Material provided START

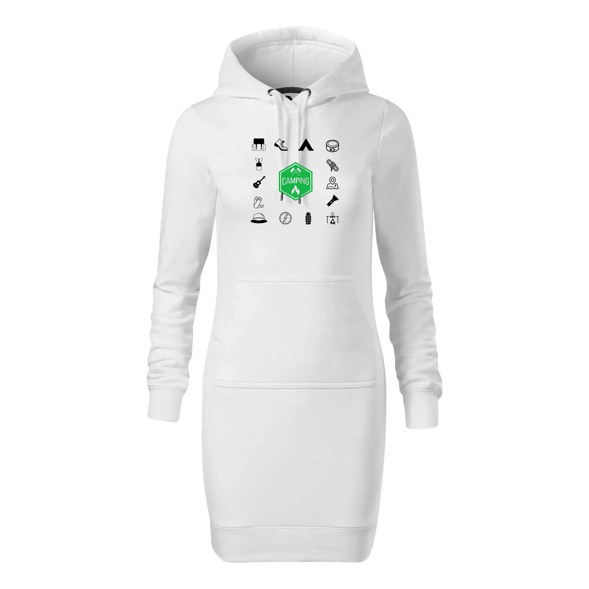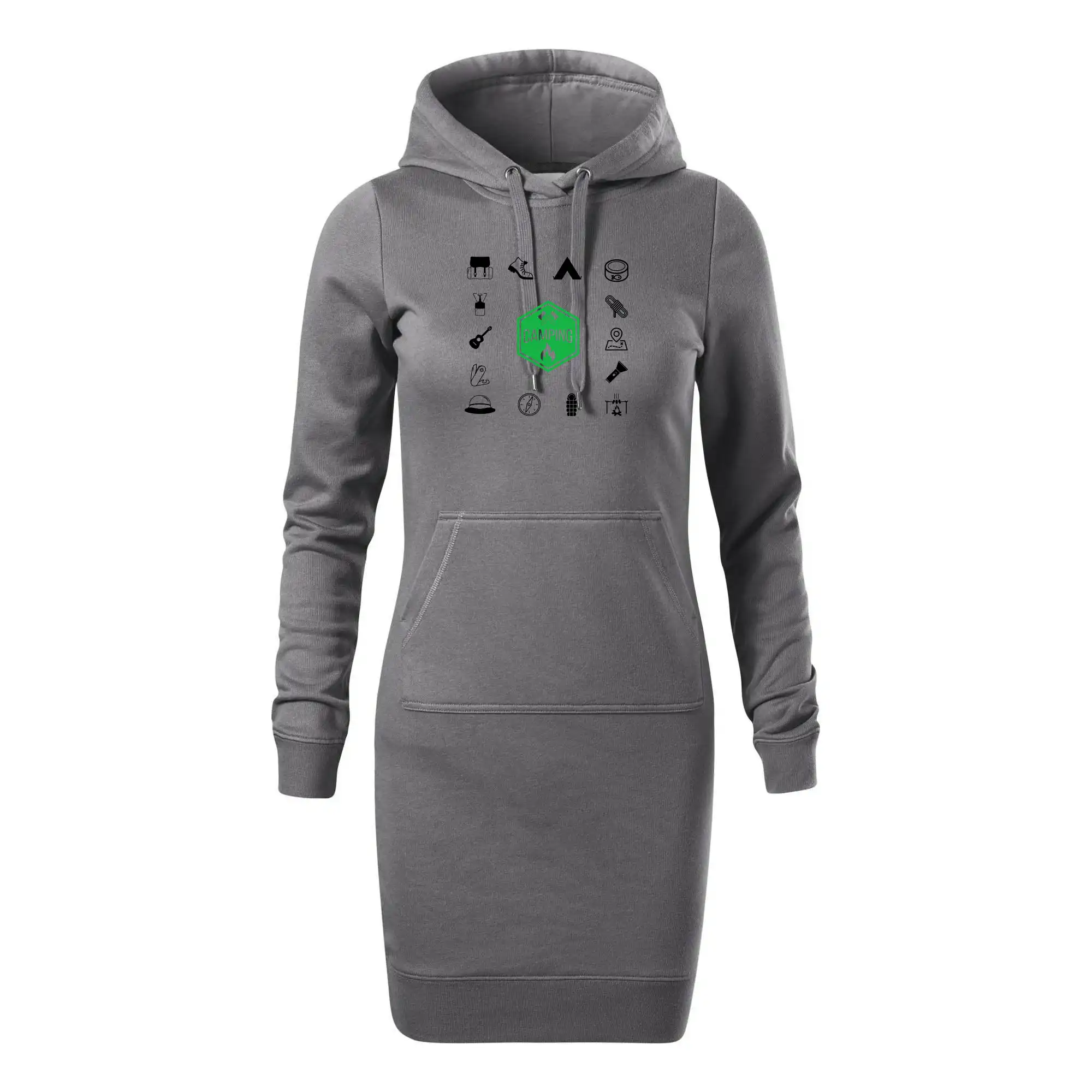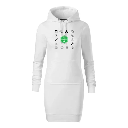 Dámske mikinové šaty MALFINI Snap 419 sú ideálnou voľbou pre ženy, ktoré hľadajú pohodlný a štýlový kúsok na voľný čas alebo každodenné nosenie. Ľahko vypasovaný strih s bočnými švami podčiarkuje ženskú siluetu, zatiaľ čo kapucňa s podšívkou a sťahovacou šnúrkou dodáva ležérny vzhľad. Šaty majú dĺžku nad kolená a sú vybavené našitým vreckom v štýle „klokanky“. Materiál je mäkký a príjemný na dotyk grâce à smesi bavlny a polyesteru s nepočesanou vnútornou stranou.
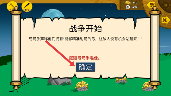1、游戲開始會彈出戰爭開始的卷軸提示,告知要摧毀弓箭手雕像,點擊確定即可開啟戰斗。
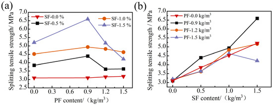 The effect of fiber content on the splitting tensile strength of FRAC: (a) PF; (b) SF.
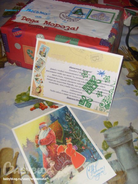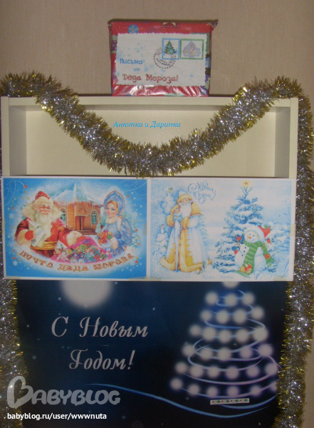 Ящик для писем деда Мороза (только письмами дочка что-то не прониклась, просто рассказываю чем сегодня будем заниматься и что приготовил для нее дед Мороз. Иногда разглядываем открытки):
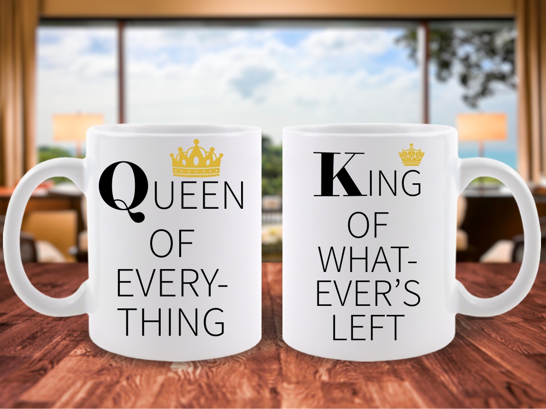 Detalii: Setul este compus din 2 cani; o cana “Queen of everything” pentru ea si o cana “King of whatever’s left” pentru el. Fiecare cana este imprimata cu aceeasi imagine pe ambele fete.
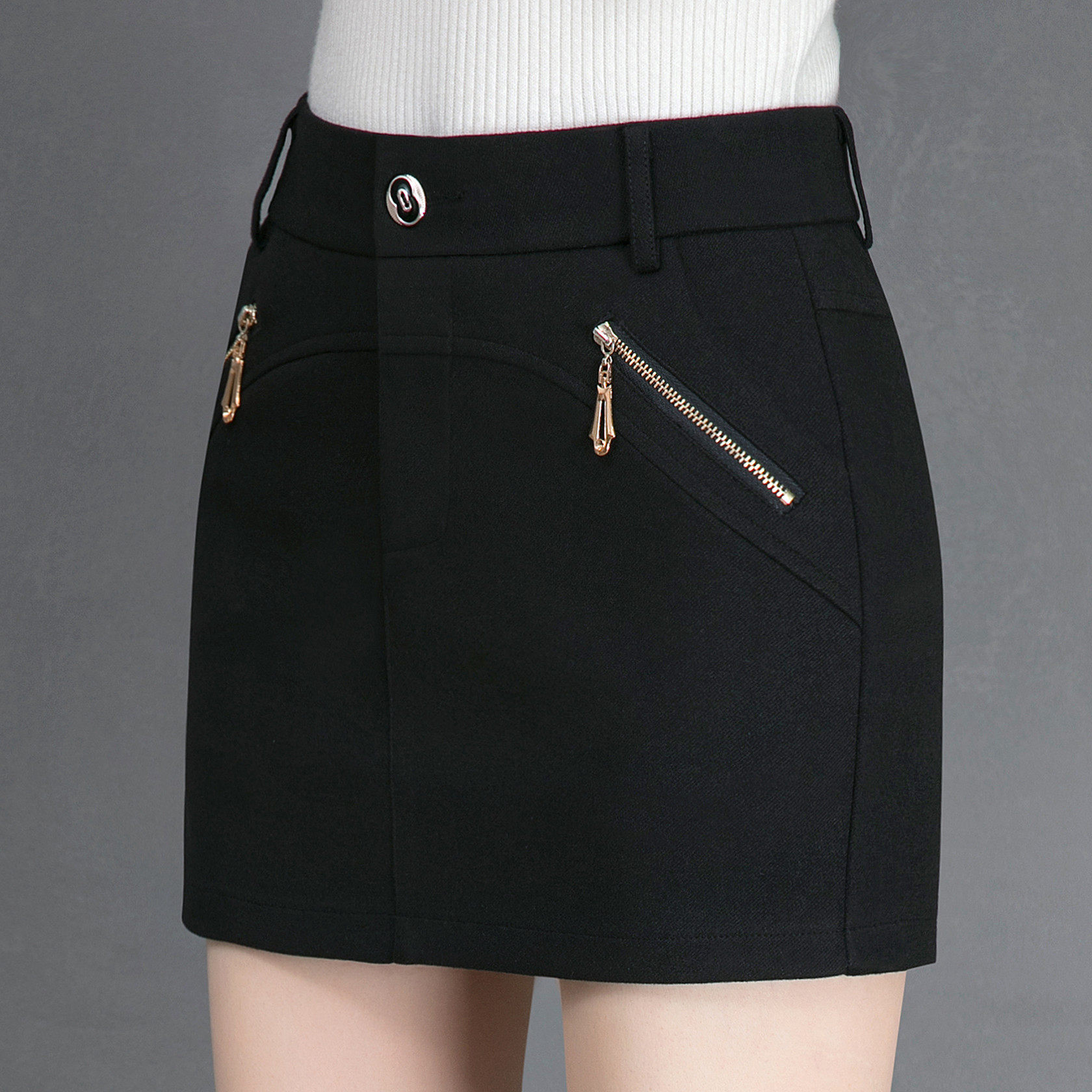 📚 秋冬毛呢短裤裙女百搭大码弹力显瘦包臀裙前裙后裤短裙裤外穿靴裤
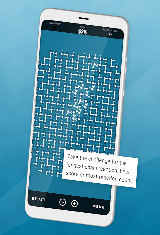 عندما يبدأ التفاعل ، ستلاحظ كيف يتم ترتيب بنية الجزيئات ، وتتضاعف نقاطك. كلما طالت مدة التفاعل وكلما زاد عدد الجزيئات المشاركة في كل تكرار ، زادت النقاط التي ستحصل عليها. يمكنك التنافس مع أصدقائك أو المشاركة في التحدي العالمي عن طريق إرسال نتائجك إلى المتصدرين عبر خدمات ألعاب Google Play. يمكنك تتبع تقدمك الشخصي في قسم خاص ، حيث يتم عرض بعض الإحصائيات عن أفضل إنجازاتك.

Material provided END

> [What to produce]:
Find the line with "1、游戲開始會彈出戰爭開始的". Return it and each line after it through the end of the data, exactly, without pictures.

> [Task output]:
1、游戲開始會彈出戰爭開始的卷軸提示,告知要摧毀弓箭手雕像,點擊確定即可開啟戰斗。
 The effect of fiber content on the splitting tensile strength of FRAC: (a) PF; (b) SF.
 Ящик для писем деда Мороза (только письмами дочка что-то не прониклась, просто рассказываю чем сегодня будем заниматься и что приготовил для нее дед Мороз. Иногда разглядываем открытки):
 Detalii: Setul este compus din 2 cani; o cana “Queen of everything” pentru ea si o cana “King of whatever’s left” pentru el. Fiecare cana este imprimata cu aceeasi imagine pe ambele fete.
 📚 秋冬毛呢短裤裙女百搭大码弹力显瘦包臀裙前裙后裤短裙裤外穿靴裤
 عندما يبدأ التفاعل ، ستلاحظ كيف يتم ترتيب بنية الجزيئات ، وتتضاعف نقاطك. كلما طالت مدة التفاعل وكلما زاد عدد الجزيئات المشاركة في كل تكرار ، زادت النقاط التي ستحصل عليها. يمكنك التنافس مع أصدقائك أو المشاركة في التحدي العالمي عن طريق إرسال نتائجك إلى المتصدرين عبر خدمات ألعاب Google Play. يمكنك تتبع تقدمك الشخصي في قسم خاص ، حيث يتم عرض بعض الإحصائيات عن أفضل إنجازاتك.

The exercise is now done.